Глава 4
Операция называлась «Мальчик». Женя узнал об этом на следующее утро, когда приступили к генеральной репетиции кровавого действа. Часов в восемь его разбудили, отправили в ванную приводить себя в порядок, накормили завтраком, а потом под конвоем Толика снова спустили в подвал. На экскурсию. Всего на пять минут. Но этих пяти минут хватило, чтобы понять: надежды на спасение нет, бежать не стоит и пытаться, любое самовольное действие наказуемо, наказание одно – долгая, мучительная смерть.
Сначала Женя не мог ничего разглядеть – после яркого дневного света глаза не сразу привыкли к темноте. Но вот Толик, его слуга-тюремщик, подкрутил что-то в своей керосиновой лампе, и Женя увидел Нину.

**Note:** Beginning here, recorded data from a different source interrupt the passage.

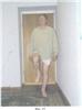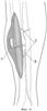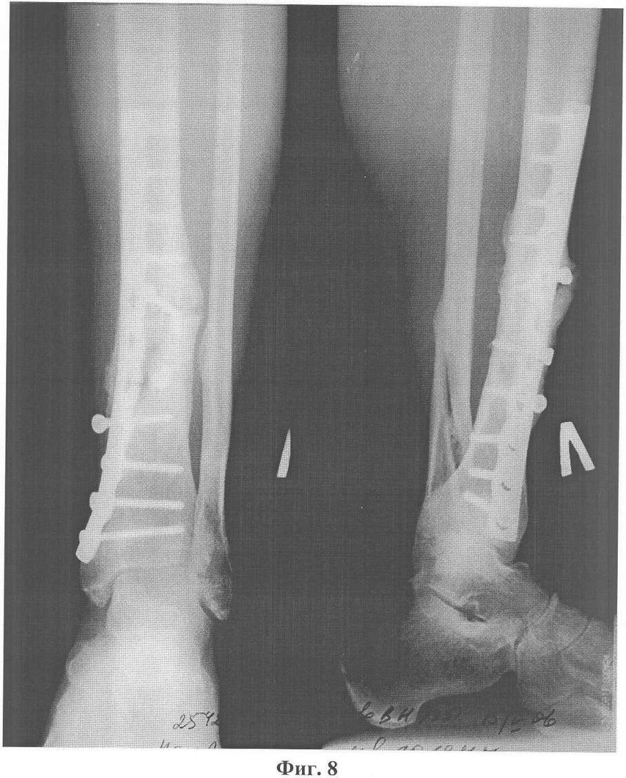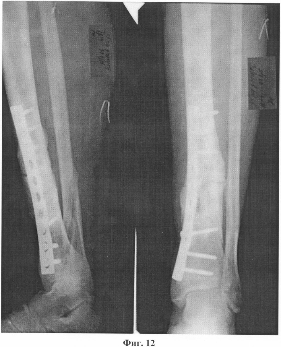 Больной Н., 55 лет, 23 июня 2005 года в результате бытовой травмы получил закрытый оскольчатый перелом обеих костей левой голени. Доставлен в городскую клиническую больницу г.Москвы, где был произведен остеосинтез большеберцовой кости левой голени пластиной АО с ограниченным контактом. Послеоперационный период протекал без осложнений. Проведено восстановительное лечение, включающее ходьбу с костылями с дозированной, постепенно увеличивающейся нагрузкой на оперированную конечность. Через 3 месяца после операции начал ходить с палочкой с полной нагрузкой на левую стопу. Однако при ходьбе отмечал умеренные боли в области перелома. Динамический рентгеноконтроль демонстрировал замедленную консолидацию перелома большеберцовой кости на фоне сросшегося перелома малоберцовой кости. В мае 2006 года боли в голени при ходьбе усилились. При контрольной рентгенографии обнаружен ложный сустав большеберцовой кости с переломом накостной металлоконструкции и миграцией винтов (фиг.8). 6 июня 2006 года под общим обезболиванием сломанная пластина была удалена с выполнением операции на ложном суставе по разработанному способу (фиг.9). После снятия швов и ликвидации отека произведена иммобилизация конечности укороченной циркулярной повязкой Scotchcast (до коленного сустава), и больной приступил к нагрузке в дозированном режиме. К концу 3-го месяца ходьба с полной нагрузкой без дополнительной опоры (фиг.10) в иммобилизирующей повязке (фиг.11), болей в голени нет, повязка снята, рентгенологически определяется сращение перелома большеберцовой кости (фиг.12). После проведения 2-х недельного реабилитационного курса функция конечности восстановлена в полном объеме (фиг.13, 14).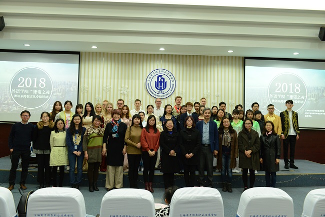 下午六点,中德C楼108多功能报告厅热闹非凡。外语学院副院长肖潇老师、党总支副书记吴亚人老师、副院长邓玉华老师、国际交流部副处长邱娟老师与教务处副处长戴玉珍老师以及外语学院德语系全体教师、上海工商外国语职业技术学院全体德语老师、两校德语系在校生、全体德国交流生和部分中德与工程技术学院师生参加了本次文化交流晚会。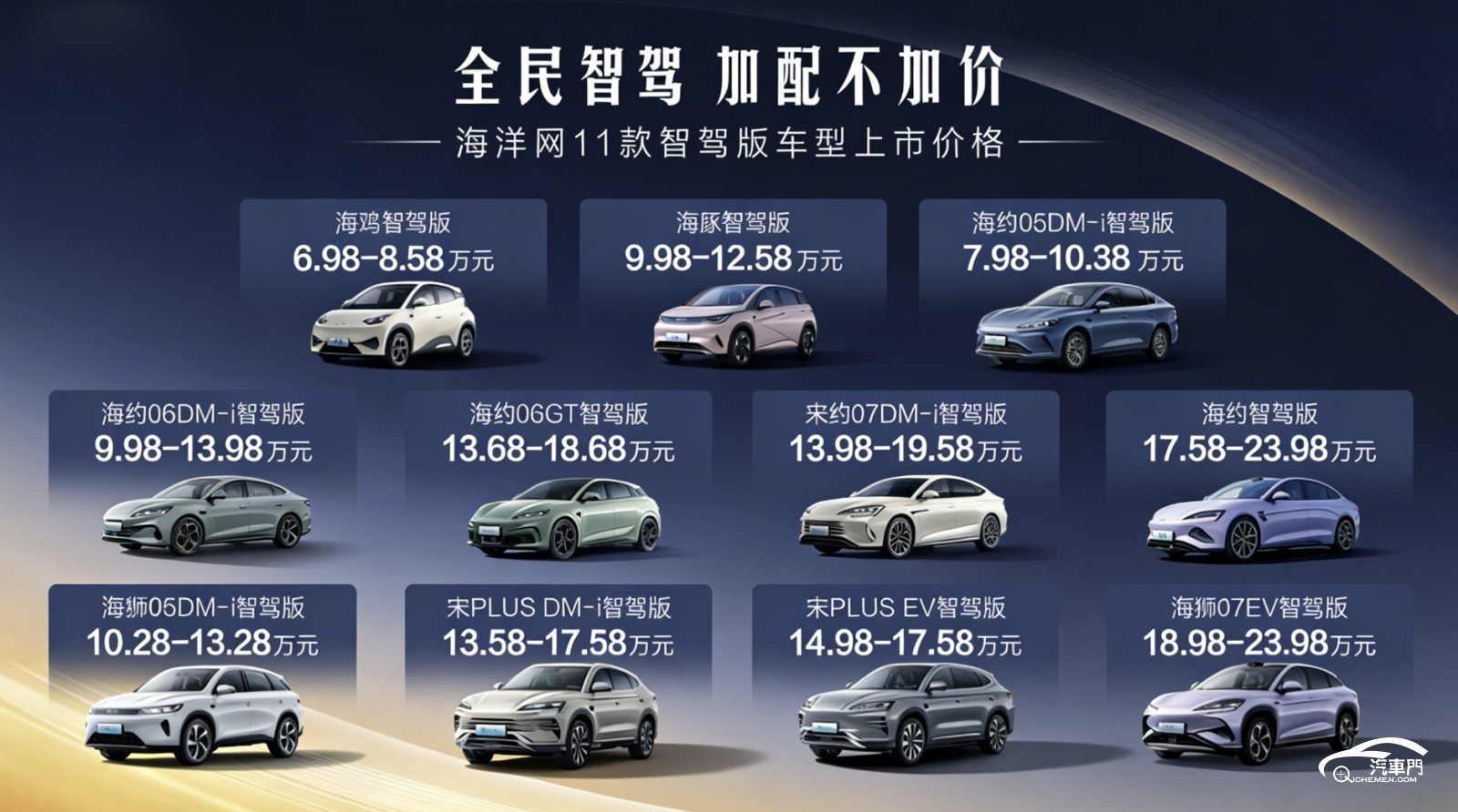 值得一提的是,比亚迪的智驾版新车型“加配不加价”,与此前车型价格相同。其中,首款搭载高阶智驾的小型车海鸥,仅需6.98万元就能体验。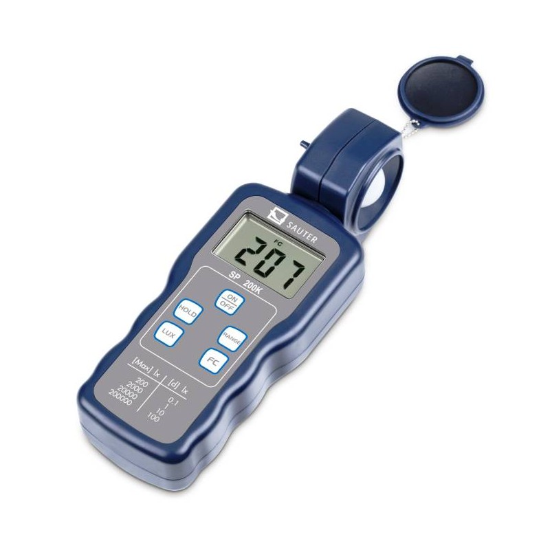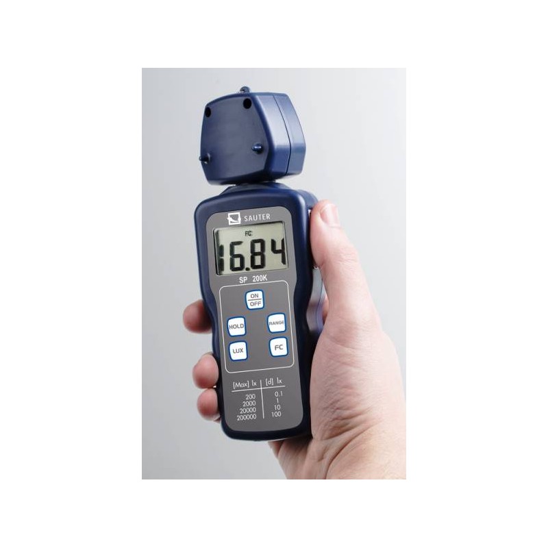 Luxmetro digitale SP 200K è uno strumento professionale, di precisione, per misurare l'illuminazione , anche LED, nei luoghi di lavoro e completo di certificato di calibrazione. Il sensore ha una correzione completa del coseno per l'incidenza obliqua della luce. Lo strumento è compatto, robusto e facile da usare grazie al suo design.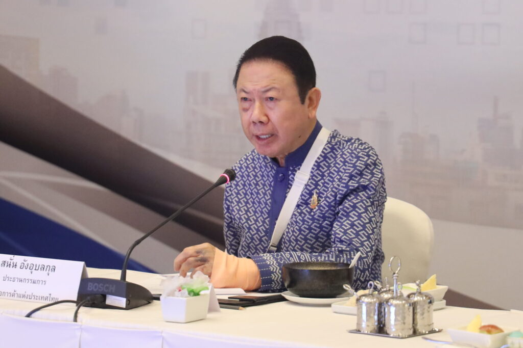 นายสนั่น เปิดเผยว่า เศรษฐกิจไทยปี 2567 มีแนวโน้มขยายตัวได้ที่ 2.6-2.8% สูงกว่าประมาณการเดิม จากแรงขับเคลื่อนของการส่งออกที่ได้รับอานิสงส์จากวัฏจักรขาขึ้นของกลุ่มอิเล็กทรอนิกส์ ที่ส่งผลให้การส่งออกสามารถเติบโตได้ 2.5-2.9% สูงกว่าประมาณการเดิม ประกอบกับมีปัจจัยหนุนจากการกระตุ้นกำลังซื้อ และการเร่งเบิกจ่ายงบประมาณของภาครัฐ นอกจากนี้ มาตรการภาครัฐทั้งระยะสั้น ระยะกลาง และระยะยาว ที่กำลังจะทยอยออกมา อาทิ การช่วยเหลือลูกหนี้รายย่อยและกลุ่มผู้ประกอบการ SME การปรับกฎหมายเกี่ยวกับการเช่าที่ดินระยะยาว 99 ปีเพื่อดึงดูดการลงทุนจากต่างประเทศ ถือเป็นกลไกสำคัญในการแก้ปัญหาเชิงโครงสร้างและสร้างความเชื่อมั่นต่อการเติบโตของเศรษฐกิจในระยะข้างหน้า ที่ประชุม กกร.จึงปรับเพิ่มกรอบประมาณการเศรษฐกิจปี 2567 ณ เดือนพฤศจิกายน 2567 อยู่ที่ 2.6 ถึง 2.8% จากเดิมประมาณการไว้ที่ 2.2 ถึง 2.7% และปรับตัวเลขประมาณการภาคการส่งออก ในกรอบ 2.5 ถึง 2.9% จากเดิม 1.5 ถึง 2.5% ส่วนเงินเฟ้อยังคงไว้ที่ 0.5-1.0 โดย ในระยะถัดไปเศรษฐกิจมีสัญญานการฟื้นตัวจากมาตรการกระตุ้นกำลังซื้อของภาครัฐ

Он не готов был к такому зрелищу, несмотря на вчерашний кошмар. Она лежала, скорчившись, в углу, на какой-то грязной подстилке. Сквозь разорванную в клочья одежду проглядывало истерзанное, в ужасных кровоподтеках тело, вместо правого глаза зияла страшная кровавая рана.
– Да, это она, твоя нежная любовница, – заговорил вчерашний интеллигентный голос из темноты. Женя вздрогнул – он не знал, что этот человек снова здесь, его Женя боялся больше всех, понимая, что он главный и именно от него зависит его собственная жизнь. – Красивая женщина была, ничего не скажешь. Сейчас, конечно, уже не то. Хрупкая вещь – красота, очень хрупкая. Как легко ее разбить и превратить в нечто совершенно противоположное. Грустно это, – говоривший горестно вздохнул. – А еще грустнее, когда ты чувствуешь себя виновником этого разрушения. Не правда ли, Женечка? – Он немного помолчал, а потом заговорил снова: – Но еще не все потеряно, то есть главное не потеряно, и ты можешь выправить положение. Нет, красоту Нине уже не вернуть, что да то да, но можно избавить ее от дальнейших мучений, можно спасти ей жизнь.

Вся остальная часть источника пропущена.